The category model has three main elements which is best described using the above example:

  1. The category option, which corresponds to “female”, “male” and “< 5 years” and “> 5 years”.

  2. The category, which corresponds to “gender” and “age group”.

  3. The category combination, which should in the above example be named “gender and age group” and be assigned both categories mentioned above.

This category model is in fact self-standing but is in DHIS2 loosely coupled to the data element. Loosely coupled in this regard means that there is an association between data element and category combination, but this association may be changed at any time without loosing any data. It is however not recommended to change this often since it makes the database less valuable in general since it reduces the continuity of the data. Note that there is no hard limit on the number of category options in a category or number of categories in a category combination, however there is a natural limit to where the structure becomes messy and unwieldy.

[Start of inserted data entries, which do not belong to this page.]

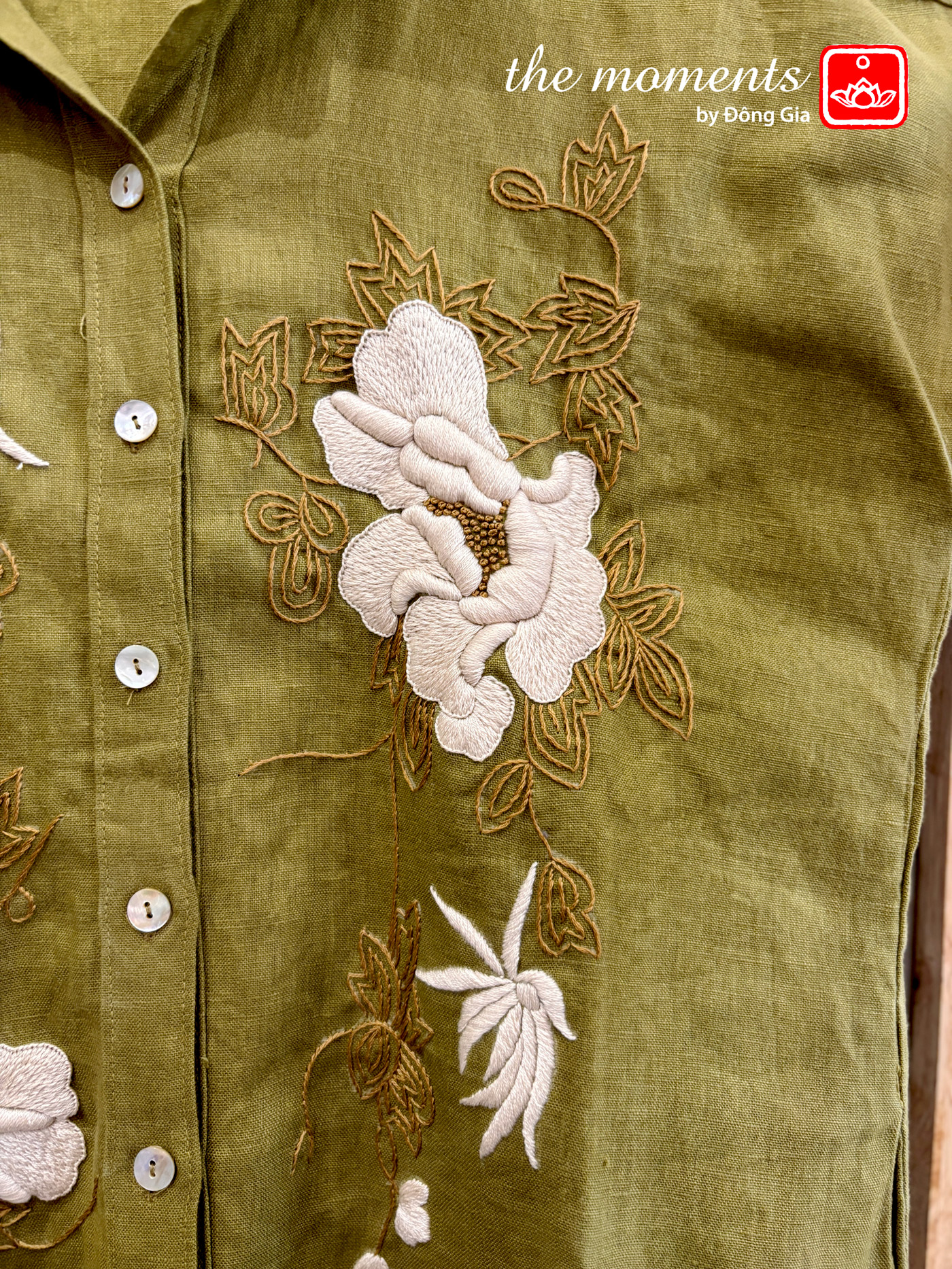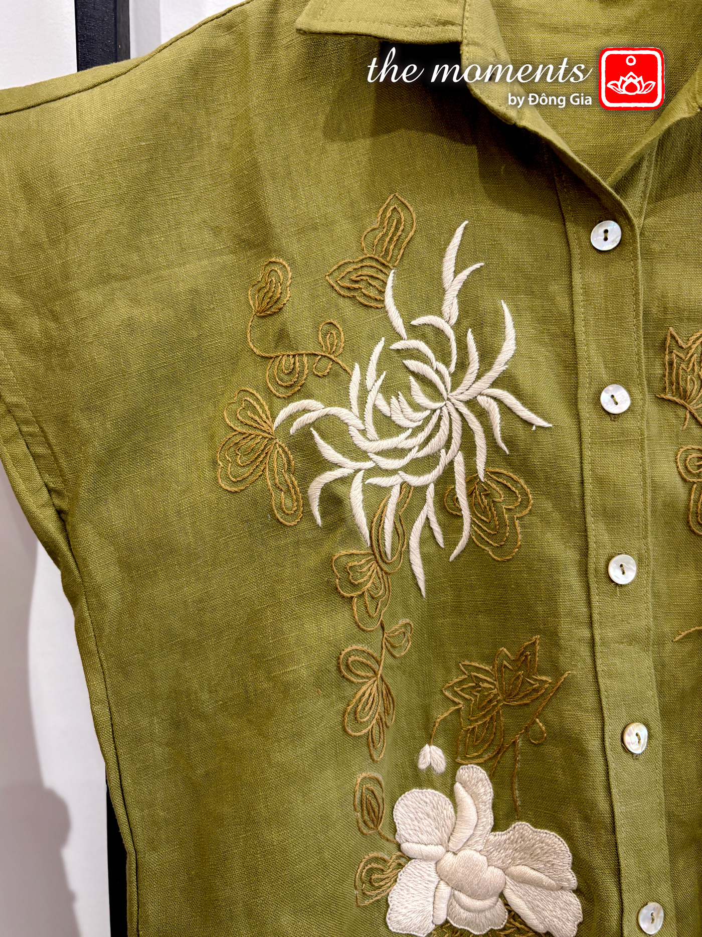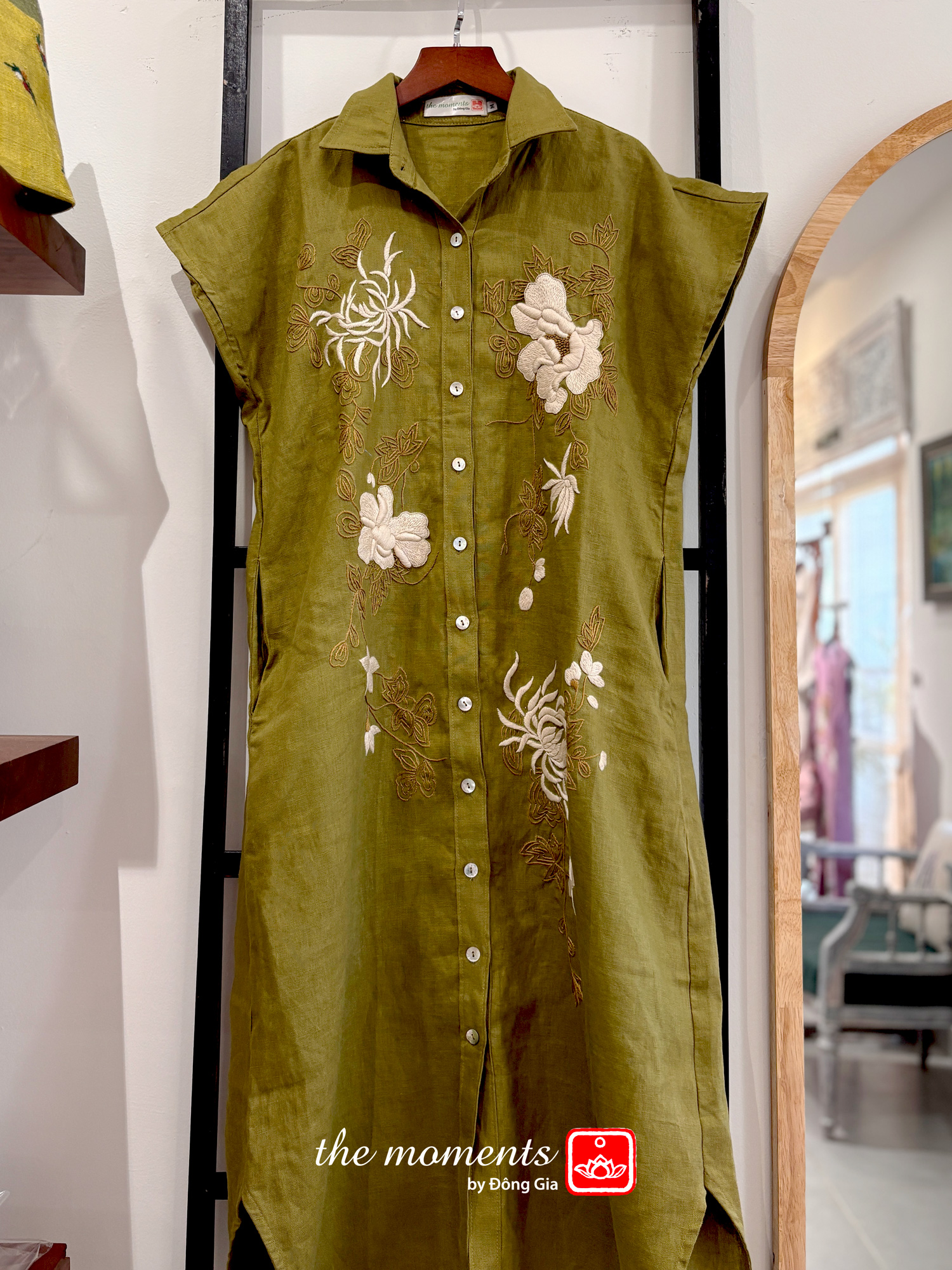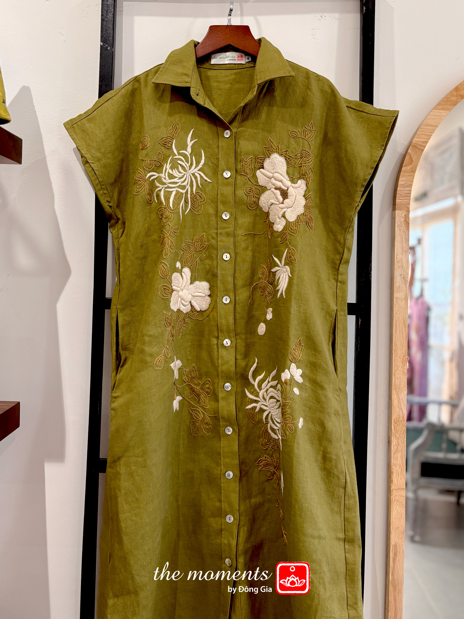 Đầm tay hến thêu hoa cúc - Xanh rêu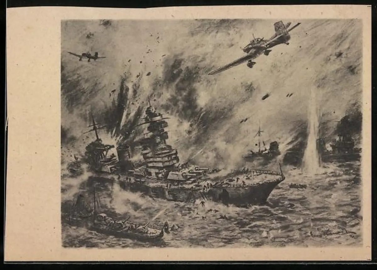 Künstler-AK Flieger bombardieren Kampfschiffe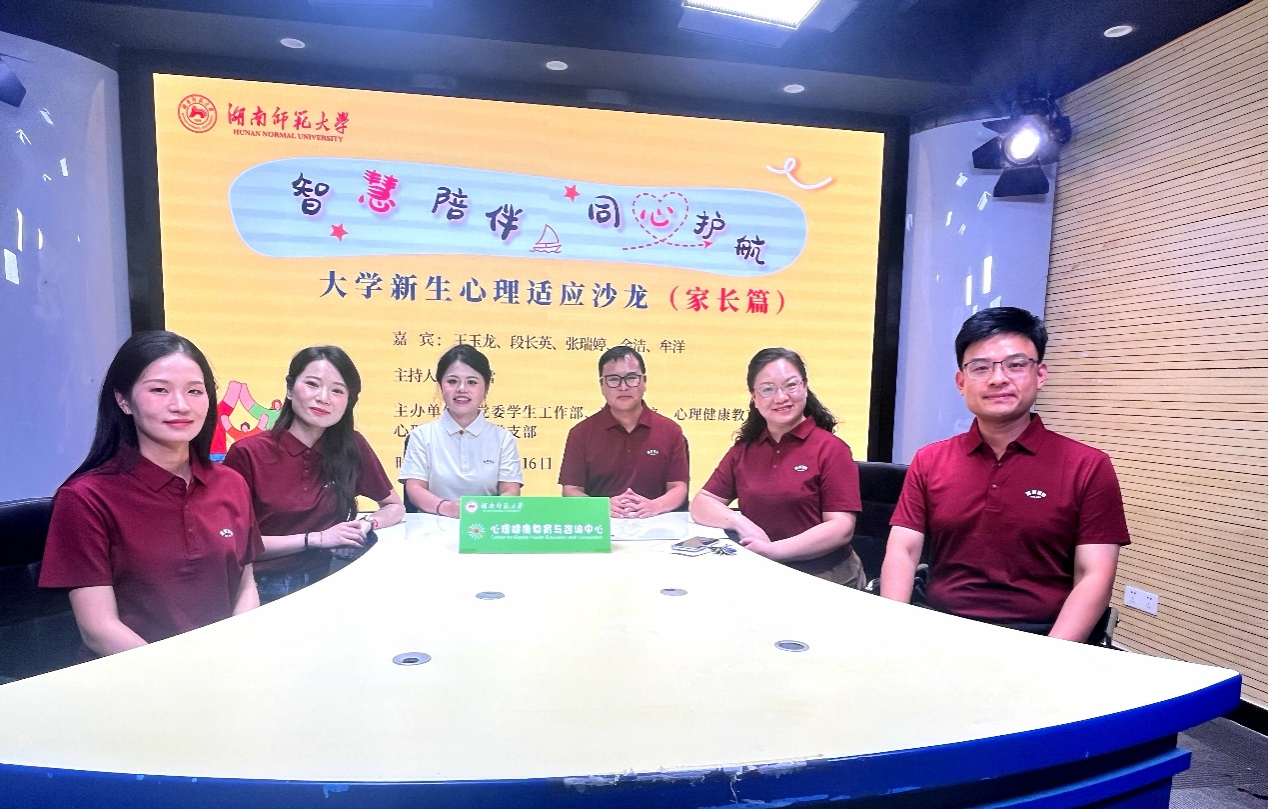 (通讯员 李凌秋 欧阳熙 巫秋雯 李艺)为深入贯彻党的二十大精神,全面落实立德树人根本任务,积极响应联系学院工作的学校党委负责同志提出的“心理学系教师要为全校师生心理健康提供保障服务”要求,践行学院“五心育人”之“心理教育健心”理念,2025年9月16日晚7点,教育科学学院心理学系教师党支部携手学校心理健康教育与咨询中心,聚焦2025级新生心理适应问题,成功举办了“党建引领 心路启航——院校共同助力心理健康、家校携手赋能新生适应”主题“党建开放日”活动。活动创新采用“线上直播访谈+线下联动研讨”双轨并行模式,线上主会场设在学校励德楼星空直播间,面向全校2025级新生及家长实时直播,分为学生篇和家长篇;线下分会场设于教育科学学院七楼会议室,学院党委书记向发意、副院长丁道群、专职组织员王赛波、心理学系教师党支部党员、心理学专业学生党员同步收看直播并开展线下研讨。

A pair of data element and category combination can now be used to represent any level of breakdown. It is important to understand that what is actually happening is that a number of custom dimensions are assigned to the data. Just like the data element represents a mandatory dimension to the data values, the categories adds custom dimensions to it. In the above example we can now through the DHIS2 output tools perform analysis based on both “gender” and “age group” for those data elements, in the same way as one can perform analysis based on data elements, organisation units and periods.

This category model can be utilized both in data entry form designs and in analysis and tabular reports. For analysis purposes, DHIS2 will automatically produce sub-totals and totals for each data element associated with a category combination. The rule for this calculation is that all category options should sum up to a meaningful total. The above example shows such a meaningful total since when summarizing “Malaria cases” captured for “female < 5 years”, “male < 5 years”, “female > 5 years” and “male > 5 years” one will get the total number of “Malaria cases”.

For data capture purposes, DHIS2 can automatically generate tabular data entry forms where the data elements are represented as rows and the category option combinations are represented as columns. This will in many situations lead to compelling forms with a minimal effort. It is necessary to note that this however represents a dilemma these two concerns are sometimes not compatible. For instance one might want to quickly create data entry forms by using categories which does not adhere to rule of a meaningful total. We do however consider this a better alternative than maintaining two independent and separate models for data entry and data analysis.

An important point about the category model is that data values are persisted and associated with a category option combination. This implies that adding or removing categories from a category combination renders these combinations invalid and a low-level database operation much be done to correct it. It is hence recommended to thoughtfully consider which breakdowns are required and to not change them too often.